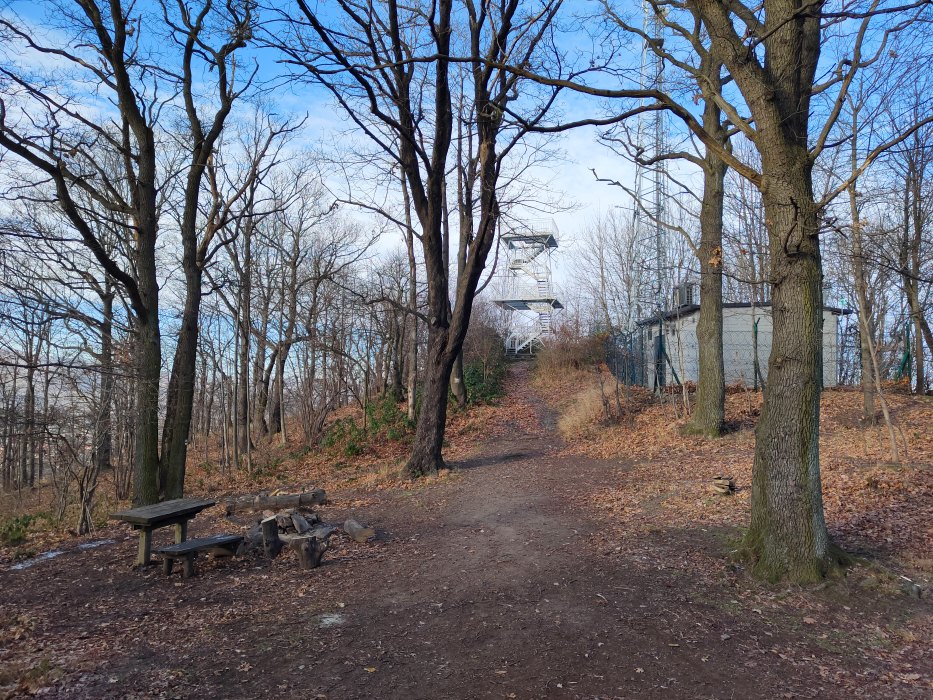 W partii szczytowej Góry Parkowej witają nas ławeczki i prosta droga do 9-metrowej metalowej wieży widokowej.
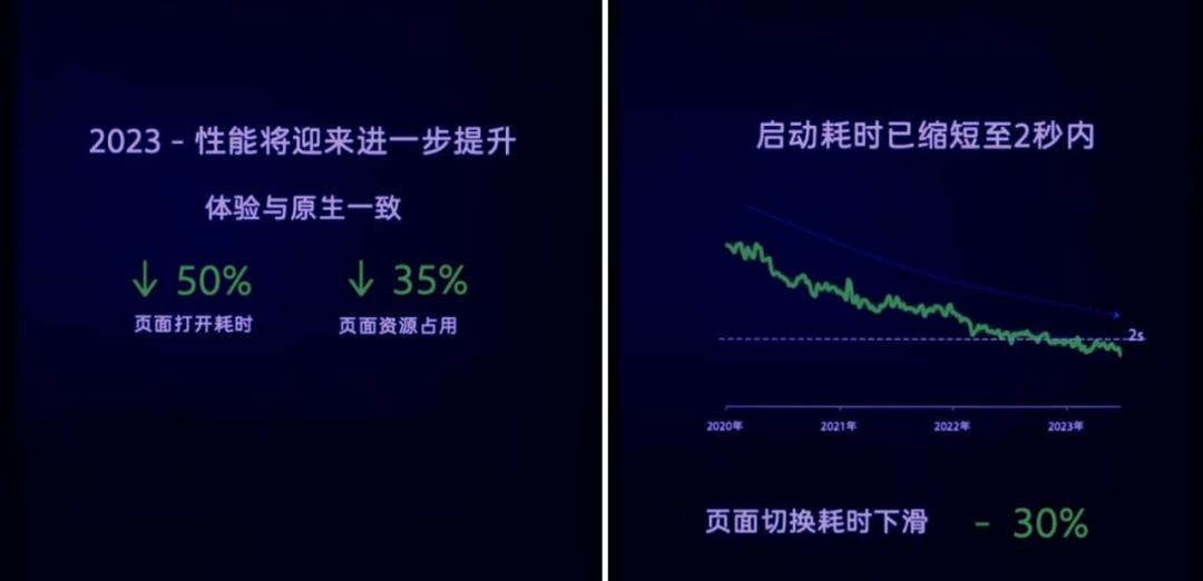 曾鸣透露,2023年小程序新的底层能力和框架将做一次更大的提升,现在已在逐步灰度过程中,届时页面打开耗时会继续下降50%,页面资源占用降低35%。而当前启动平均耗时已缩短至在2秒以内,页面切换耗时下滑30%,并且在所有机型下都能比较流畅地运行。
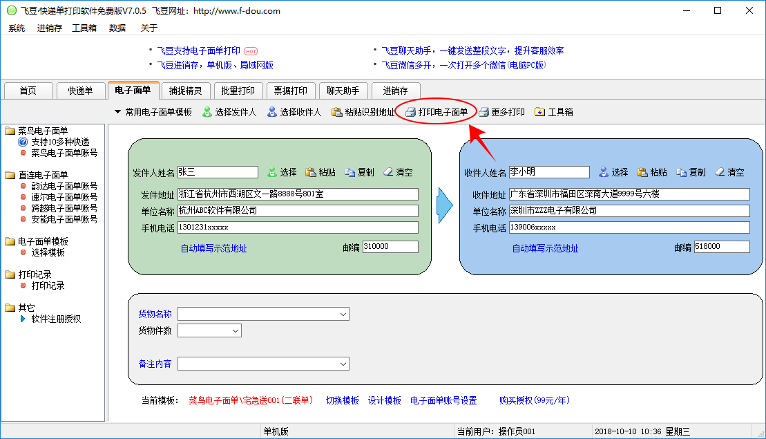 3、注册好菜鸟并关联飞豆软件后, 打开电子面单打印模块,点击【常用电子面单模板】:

==============================

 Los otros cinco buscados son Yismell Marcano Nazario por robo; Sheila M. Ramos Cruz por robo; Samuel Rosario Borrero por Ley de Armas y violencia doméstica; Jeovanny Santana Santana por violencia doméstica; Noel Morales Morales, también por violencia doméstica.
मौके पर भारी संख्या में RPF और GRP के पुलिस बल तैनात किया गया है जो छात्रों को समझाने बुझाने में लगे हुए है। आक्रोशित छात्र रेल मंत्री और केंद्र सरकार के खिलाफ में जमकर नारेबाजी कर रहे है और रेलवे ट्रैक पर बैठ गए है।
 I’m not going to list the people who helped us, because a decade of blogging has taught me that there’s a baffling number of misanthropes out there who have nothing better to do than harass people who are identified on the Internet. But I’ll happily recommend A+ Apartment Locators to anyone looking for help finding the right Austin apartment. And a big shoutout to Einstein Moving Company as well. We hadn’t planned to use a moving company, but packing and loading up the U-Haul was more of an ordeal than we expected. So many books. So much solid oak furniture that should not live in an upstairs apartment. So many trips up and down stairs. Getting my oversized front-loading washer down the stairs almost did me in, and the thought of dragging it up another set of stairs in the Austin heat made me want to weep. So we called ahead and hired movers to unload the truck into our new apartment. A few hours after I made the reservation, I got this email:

==============================

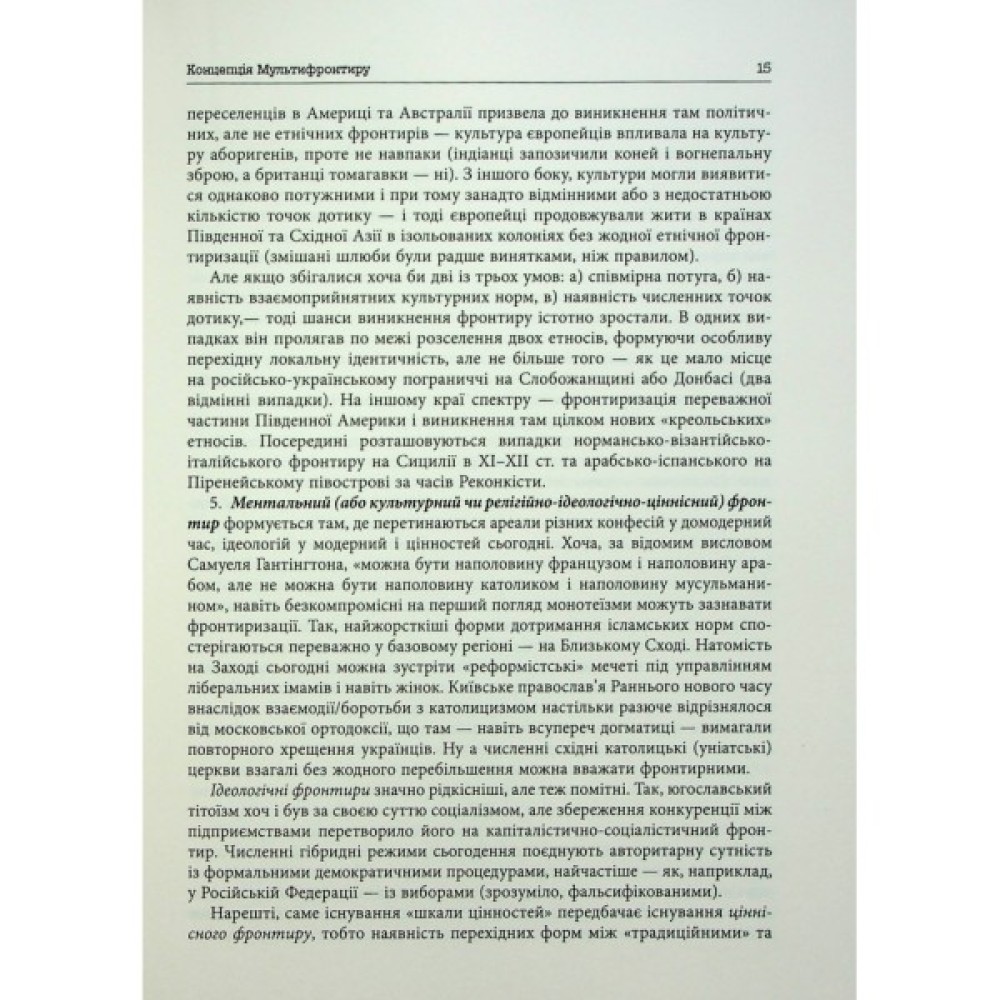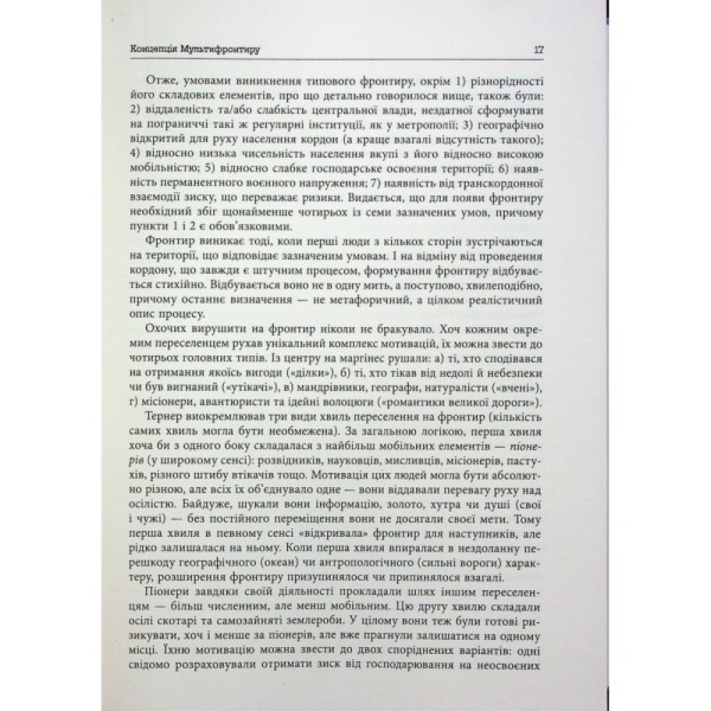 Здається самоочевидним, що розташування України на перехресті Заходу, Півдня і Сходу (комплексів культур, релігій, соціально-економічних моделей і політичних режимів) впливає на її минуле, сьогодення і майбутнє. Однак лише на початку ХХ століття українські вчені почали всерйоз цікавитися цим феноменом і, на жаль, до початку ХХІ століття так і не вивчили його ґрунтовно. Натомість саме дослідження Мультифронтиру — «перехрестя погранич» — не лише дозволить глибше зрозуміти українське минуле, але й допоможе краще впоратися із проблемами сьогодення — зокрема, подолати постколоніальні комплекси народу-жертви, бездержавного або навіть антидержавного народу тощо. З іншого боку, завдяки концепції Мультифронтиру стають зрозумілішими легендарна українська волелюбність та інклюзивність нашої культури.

==============================

Keep to the lines above from the line with "W partii szczytowej" to the line with "曾鸣透露,2023年小程序新", and set down exactly those, inclusive, with nothing else and every picture left out.

 W partii szczytowej Góry Parkowej witają nas ławeczki i prosta droga do 9-metrowej metalowej wieży widokowej.
 曾鸣透露,2023年小程序新的底层能力和框架将做一次更大的提升,现在已在逐步灰度过程中,届时页面打开耗时会继续下降50%,页面资源占用降低35%。而当前启动平均耗时已缩短至在2秒以内,页面切换耗时下滑30%,并且在所有机型下都能比较流畅地运行。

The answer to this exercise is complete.